Cendant Corp., the largest travel and real estate services company in the U.S., announced last week that it had spun off subsidiary PHH Corp., an entity that housed the mortgage and fleet leasing operations of the parent company.
Following the distribution of PHH shares to its stockholders (one PHH share for every 20 Cendant shares held), Standard & Poor's cut PPH's long-term counterparty rating one notch to triple-B and Moody's Investors Service lowered PHH's senior unsecured debt ratings to Baa3' from Baa1' and its commercial paper rating to P-3' from P-2'.
Despite the new servicer having lower ratings than its predecessor, the downgrades are immaterial to and are not likely to have an impact on Chesapeake Funding, PHH Corp.'s auto rental fleet ABS issuance vehicle, said Fouad Onbargi, director at Barclays Capital. "The bonds benefit from lease cashflow and fleet management receivables, which will not be impacted by the spin-off," Onbargi said. "PHH has been in the fleet leasing business for decades and there's going to be no change in management or operations so we think the fleet business will be run very efficiently."
Onbargi noted that the bonds are structured with enhancement levels that are many times greater than historical losses. "Losses are in the basis points as a percentage of debt issued, yet overcollateralization to triple-A is in the low-to-mid teens. The Chesapeake bonds include built in protections against any erosion to fleet management receivables balances to ensure liquidity for debt service," Onbargi added.
Looking forward, Onbargi added that he believes the new parent will continue securitizing, since it has become a key part of PHH's funding platform and there is market appetite for both the asset type and for Chesapeake's name. "I think the market is going to be very receptive to future issuance and it will continue to be an important part of [PHH's] funding mix," he said.
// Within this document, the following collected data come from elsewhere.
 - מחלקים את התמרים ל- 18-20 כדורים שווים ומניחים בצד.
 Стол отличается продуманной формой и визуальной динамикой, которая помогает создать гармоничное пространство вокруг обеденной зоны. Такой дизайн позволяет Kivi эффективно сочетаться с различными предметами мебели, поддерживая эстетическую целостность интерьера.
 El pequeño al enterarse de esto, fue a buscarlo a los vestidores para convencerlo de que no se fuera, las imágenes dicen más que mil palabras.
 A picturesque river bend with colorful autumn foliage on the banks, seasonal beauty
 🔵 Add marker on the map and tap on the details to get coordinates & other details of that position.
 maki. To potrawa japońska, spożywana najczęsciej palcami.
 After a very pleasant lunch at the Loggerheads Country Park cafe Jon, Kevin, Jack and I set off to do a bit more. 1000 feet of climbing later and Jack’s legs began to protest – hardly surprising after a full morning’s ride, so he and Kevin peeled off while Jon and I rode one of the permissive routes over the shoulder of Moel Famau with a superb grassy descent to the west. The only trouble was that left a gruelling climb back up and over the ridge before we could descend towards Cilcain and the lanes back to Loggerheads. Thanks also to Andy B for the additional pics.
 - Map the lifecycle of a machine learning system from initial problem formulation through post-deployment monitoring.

On a separate note, Cendant last week also set the terms for the initial public offering of its fuel card business unit, Wright Express, at 40 million common shares with the estimated price range of $19 to $21 a share, stated public information. Wright Express's spin-off is to be completed in the near future, said a source familiar with the transaction. In addition, JPMorgan Securities is leading the deal, which may be worth more than $1.2 billion.
Alternatively, Cendant acquired Gullivers Travel Associates and Octopus Travel Group Ltd. in December 2004 for $1.1 billion and Orbitz, Inc. in September 2004 for $1.25 billion, said company information. Proceeds from the Wright Express and PHH spin-offs are speculated to go toward funding the acquisitions, stated public information.
"Cendant is positioning itself as a true travel and leisure company," Onbargi said. "[Cendant] has looked at some of its businesses and determined that mortgage and fleet leasing companies don't really fit the core Cendant strategy," Onbargi added.